# Expression Evaluation with && and || operators

Anant Jahagirdar
Greenhorn
Posts: 3
Hi,
I am getting confused with the following example. Eventhough && has higher precedence the expression is evaluated differently. Please explain me.
class Test {
static boolean ant(){
System.out.println("within method");
return true;
}
public static void main(String[] args) {
boolean a , b, c;
a=b=c=false;
System.out.println((a=true) || (b= ant()) && (c=true));
System.out.println(a+ "," + b+"," +c);
}
}
out put is : true
true, false, false

William Brogden
Author and all-around good cowpoke
Rancher
Posts: 13058
6
Your clause (a = true) sets variable a to true and returns true.
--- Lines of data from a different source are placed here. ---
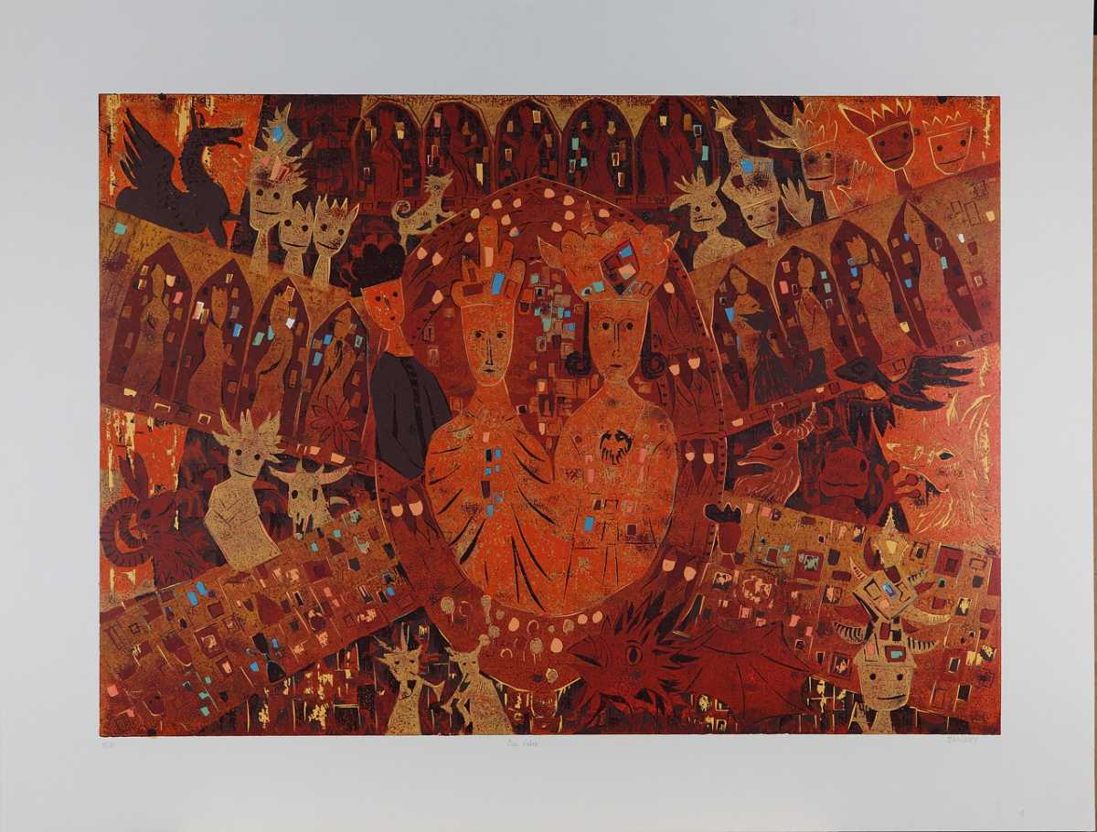Farbholzschnitt, 85x65, Brautpaar I, Nr.: 047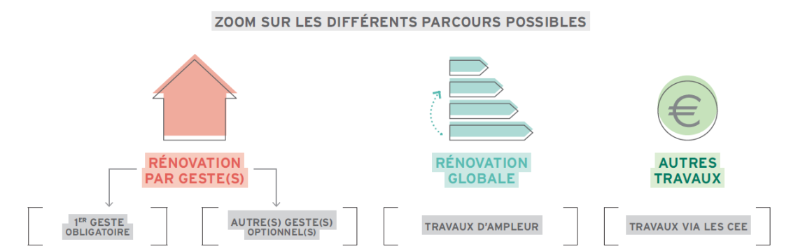 Présentation des trois parcours d’aides en lien avec les travaux de rénovation énergétique :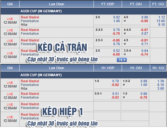 Những diễn biến mới nhất trên sàn giao dịch châu Á đang chứng kiến đà tăng mạnh mẽ ở kèo chấp của Real Madrid khi mức kèo chấp 2 hoà ở thời điểm mới niêm yết đã được đẩy lên thành 2 đứt cùng thang điểm ăn không quá chênh lệch. Với sự dịch chuyển này, rõ ràng đội bóng Hoàng gia Tây Ban Nha đang tạo được sự tin tưởng rất lớn ở cuộc đụng độ tới đây. Trong khi mốc tổng bàn thắng cả trận vẫn duy trì ở mức 4 hoà cùng điểm ăn hạ thấp cho cửa Tài cũng tiếp tục mang đến hy vọng vào kịch bản cởi mở của trận đấu.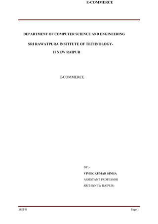 This document provides an overview of e-commerce and discusses various topics related to e-commerce including: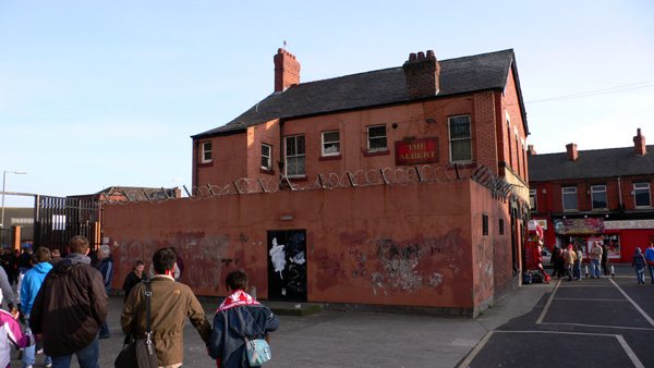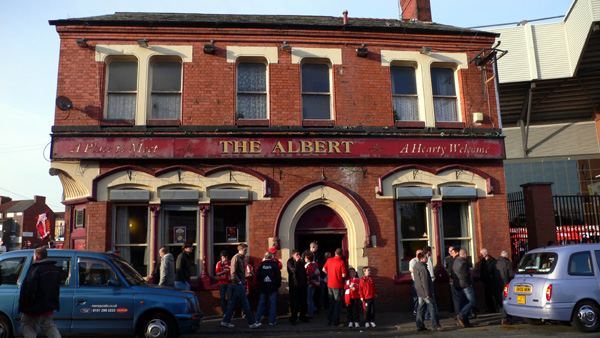 Kezdjük a kocsmák taglalását egy olyan műintézménynél, melyhez foghatót soha nem láttam, és soha nem is hallottam róla. Az Anfield Road, mely mentén maga a stadion áll, kísértetiesen emlékeztet engem gyermekkorom Angyalföldjére, de inkább Újpestére. Eléggé régi, kopott munkásnegyed, annak minden tradíciójával, hangulatával. A stadion mellett áll a THE ALBERT. Az a kocsma, melynek építményi szerkezetét nagy valószínűséggel a belső falakra és a plafonra kifeszített mezek és sálak tartják össze. Illetve a húgykő. Ezt nem tudom finomabban megfogalmazni. A kellemetlen szagú intézmény egymagában áll a placcon, már nincsen őt támogató szomszéd, és iszonyat rosszul néz ki, ám fogadni mernék, ha egyszer bontásra ítélik, akkor az összes téglája relikvia lesz.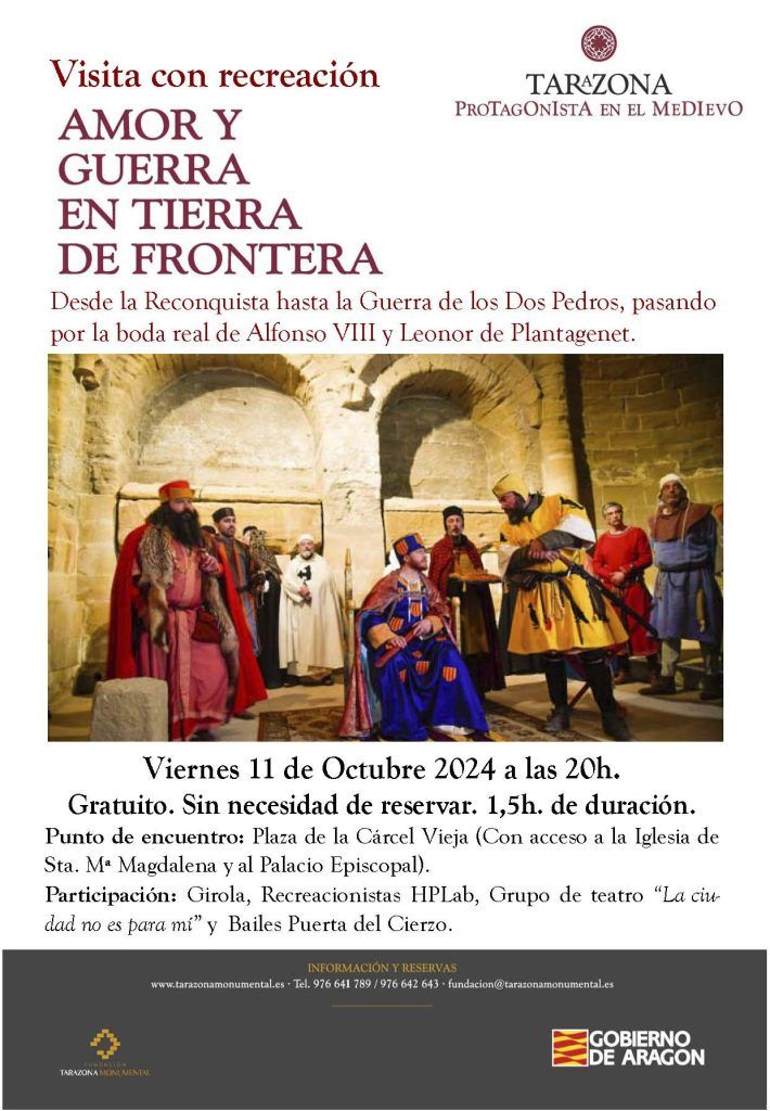 Tendrá lugar el 10 de octubre a las 20h. La duración de la visita será aproximadamente de 1,5 horas. En ella se visitará parte del casco antiguo y se accederá a la Iglesia de Sta. Mª Magdalena y Palacio Episcopal. Tratará sobre hechos históricos acontecidos en Tarazona durante el Medievo de gran relevancia para la historia de Aragón: como como la Reconquista, la Guerra de los Dos Pedros o la boda de Leonor de Plantagenet y Alfonso VIII. PVP 5 euros. Plazas limitadas. Compra o reserva anticipada: Recepción turística de la Catedral de Tarazona, catedral@tarazonamonumental.es y Tel. 976642643 – 976641789 Contamos con la colaboración del Gobierno de Aragón,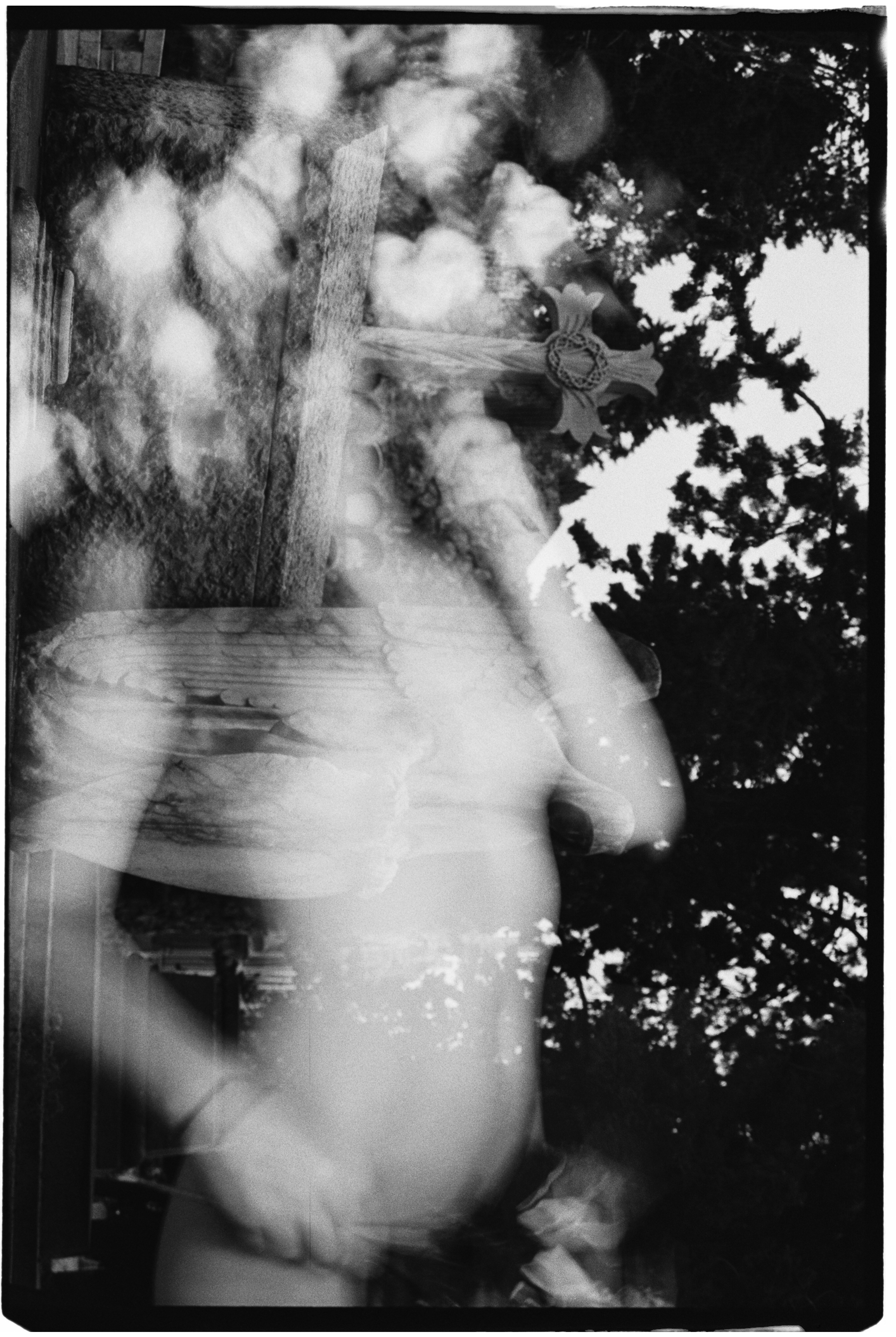 Las fotografías exploran la dualidad de la existencia femenina a través de recuerdos y emociones. Se produce una experimentación fotografía analógica superpuesta, tejiendo una narrativa sobre la transición entre la vida y la muerte, utilizando el abuso como metáfora visual.

The || (short circuit or) sees true and does not evaluate the remainder. Remember, left to right evaluation.
Bill

Anant Jahagirdar
Greenhorn
Posts: 3
Hi
When the Precedence comes in to picure while using && and || operators?

Jose Botella
Ranch Hand
Posts: 2120
Welcome to the Ranch Anant.
I have not been able to observe the evaluation of the right operand to && before its left one in any example I made up. Otherwise the short-circuit operators could not short-circuit.

William Brogden
Author and all-around good cowpoke
Rancher
Posts: 13058
6
The short circuit behavior of && is to quit if the left operand is false - since the result can't possibly be anything but false. Therefore to see the right operand evaluated you must have a true result on the left.
Bill

Jose Botella
Ranch Hand
Posts: 2120
Anant, this code shows, at least, that the && operator has a bigger precedence than =

a) v is evaluated to false
b) true is evaluated to true
c) the precedence of = is compared with &&. Thus = is not carried out but instead...
d) m() is evaluated and false is printed
e) && is performed yielding true
f) now the previously obtained true is assigned to v and printed.
[ January 10, 2003: Message edited by: Jose Botella ]

Anant Jahagirdar
Greenhorn
Posts: 3
Thanks all for your detailed answers. When short circuit operators are in the expression, the left operand is evaluated first and then if operator is || and evalated operand is true, the expression evaluation process stops. same thing happens for && with false operand.Is this correct?